For the past several weeks, I’ve had a really cool project in the works that I’m excited to finally be able to share.

I was contacted by a gentleman who told me that the recently completed painting ‘Transported‘ reminded him of his grandson, who loves space, rockets, and the Space Shuttle in particular. He reminds me of myself at his age…and at my current age. We passed some ideas back and forth, and eventually settled on a plan to create a commission painting based on the composition of ‘Transported’, but instead of depicting a boy reading about futuristic space travel adventures, a boy would be shown wearing his astronaut costume, playing in a homemade, cardboard and duct tape space shuttle, and imagining the real thing.

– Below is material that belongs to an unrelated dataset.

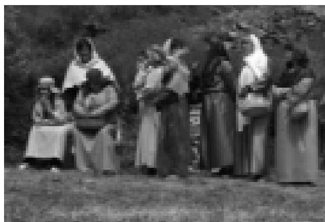
El Paso de Cajiz Fondo Gráfico IAPH.

Cruces de Mayo, Ferias, Semana Santa, Corpus Christi, o Santos Inocentes, procesiones cívico-religiosas en honor a diversos santos, relacionados con diferentes momentos del ciclo productivo agrícola, ganadero o pesquero de las respectivas comarcas (San Antón, San Sebastián, San Juan, Virgen del Carmen, ...). Las fiestas de Moros y Cristianos se extienden fundamentalmente por las provincias de Almería, Granada y Jaén. No obstante, hasta el momento, en Málaga se han registrado también algunos ejemplos como los de los municipios de Alfarnate, Benalauria y Benadalid.

The composition was not originally conceived as a portrait, but after seeing some great images of the young man in question dressed in his astronaut outfit, it was pretty obvious that he would be the perfect model the painting he inspired. Now I’m thinking of the project as part stand-alone, thematic/narrative painting, part physical portrait, and hopefully, part metaphysical portrait as well. I won’t settle on a final title until the painting is finished, but for now, I’m calling it ‘Young Astronaut’ as a working title.

After we agreed on a the basic idea, I did some sketches to refine the composition.

Based on the sketch above, the clients were able to get some excellent reference photos of the young astronaut. Working from those, some photos of the Space Shuttle Discovery, and a cardboard and duct tape mock-up of the pretend shuttle, I made this final, to-scale drawing of the composition:

With all my reference materials assembled, a 30×18 inch Aluminum Composite Panel all primed and ready to go, and a signed contract, I was excited to get started.

The first step, of course, was to transfer the drawing to the panel, which I did using an oil transfer. This basically consists of blowing the drawing up to full size, coating the back with a very thin layer of oil paint, taping it over the primed surface and then carefully tracing any lines I want to eventually end up on the panel.

I know it sounds like it would just make a huge mess, but as you can see below, it works remarkably well.  The resulting drawing is 100% oil paint. It’s archivally sound and it doesn’t have to be fixed before it’s painted over. It’s a great technique.

I’ll let the transfer dry for a day or two, and then it will be time to do some under-painting. This is already such a fun project. Not to brag, but I have the absolute best job.